In order to confirm the role of CBP methylation in steroid hormone signalling, we chose to compare the co-activating activity of CBP with that of CBP 3R→A mutant in MCF7 cells upon estrogen stimulation. MCF7 cells express endogenous estrogen receptors at high levels. Thus, this assay only needed the co-transfection of a luciferase reporter gene containing estrogen responsive elements in its promoter with increasing amounts of CBP or of the non-methylatable form CBP 3R→A. Cells were treated with estrogens or with the vehicle only before gene activation was assessed. As expected, estrogen (E2) treatment led to efficient promoter stimulation (Figure 5C). Co-transfection of increasing amounts of CBP did not significantly affect hormone response (Figure 5C, compare lane 2 with lanes 10, 12 and 14), probably reflecting the fact that endogenous CBP was not limiting in MCF7 cells for transcriptional activation by endogenous estrogen receptors. In contrast, co-transfection of increasing amounts of CBP 3R→A led to a dose-dependent repression of promoter activity (Figure 5C, compare lanes 4, 6 and 8 with lane 2). Thus, altogether our results provide strong evidence that CBP methylation sites are critical for its co-activating activity and suggest that CBP methylation by CARM1 plays a crucial role in steroid hormone signalling.

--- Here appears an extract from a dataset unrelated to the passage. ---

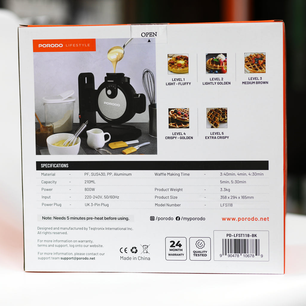 سواء كنت تحضر وافل الإفطار أو حلوى لذيذة أو وجبة خفيفة سريعة، فإن Porodo Vertical Waffle Maker يمنحك تجربة طهي سهلة ونتائج شهية في كل مرة.

To test whether it could also be important for other signalling pathways, we investigated the effect of the CBP point mutant (CBP 3R→A) on retinoic acid signalling, a process also relying on CBP function. We tranfected HeLa cells with a reporter vector in which the luciferase gene was under the control of a retinoic acid responsive element. As expected, treatment of cells with all-trans retinoic acid resulted in efficient promoter stimulation (Figure 5D). Increasing doses of the CBP 3R→A point mutant did not affect significantly retinoic acid response, indicating that CBP methylation is unlikely to play any major role in this process.

Discussion

Both CBP or p300 and CARM1 are co-activators of nuclear receptors and bind to different non-overlapping activation domains of the p160 family members of nuclear receptor co-activators. This suggests that CBP or p300 and CARM1 may work in concert to mediate transcriptional activation by nuclear receptors (Chen et al., 2000). Our results show an interesting link between these two co-activators, since we found that CARM1 methylates CBP. CARM1 was originally characterized as a methyltransferase specific to the histone H3 N-terminal tail in vitro (Chen et al., 1999). This finding has been recently confirmed in vivo on hormone-regulated promoters and suggests a link between histone methylation and transcriptional activation (Ma et al., 2001; Bauer et al., 2002). We found that CBP is also a highly specific substrate for CARM1. Furthermore, in vivo methylation of CBP was observed in various cell lines such as NIH 3T3, HeLa and the osteosarcoma cell line U2OS, and was increased upon co-expression of CARM1. By using an antibody specific for CBP methylated on R742, one of the residues methylated by CARM1 in vitro, we could show that endogenous CBP was methylated on this specific site in living cells. Given the low number of arginine methyltransferases of the PRMT family, and especially the difference of substrate specificity among them, this finding makes a strong case of CARM1 being the actual enzyme that methylates CBP in vivo. In line with this hypothesis, we observed a dramatic reduction of endogenous CBP methylation on that site when CARM1 expression was inhibited by RNA interference. Altogether, these data strongly support the hypothesis that CBP is methylated by CARM1 in vivo. Interestingly, the three arginine residues methylated by CARM1 in CBP are conserved between CBP and p300, which was also efficiently methylated within the same region. Moreover, we observed that R742 is conserved in CBP between human, mouse, Drosophila and Caenorhabditis elegans (data not shown). This finding supports the hypothesis that methylation of CBP/p300 may be an important modification that has been conserved through evolution.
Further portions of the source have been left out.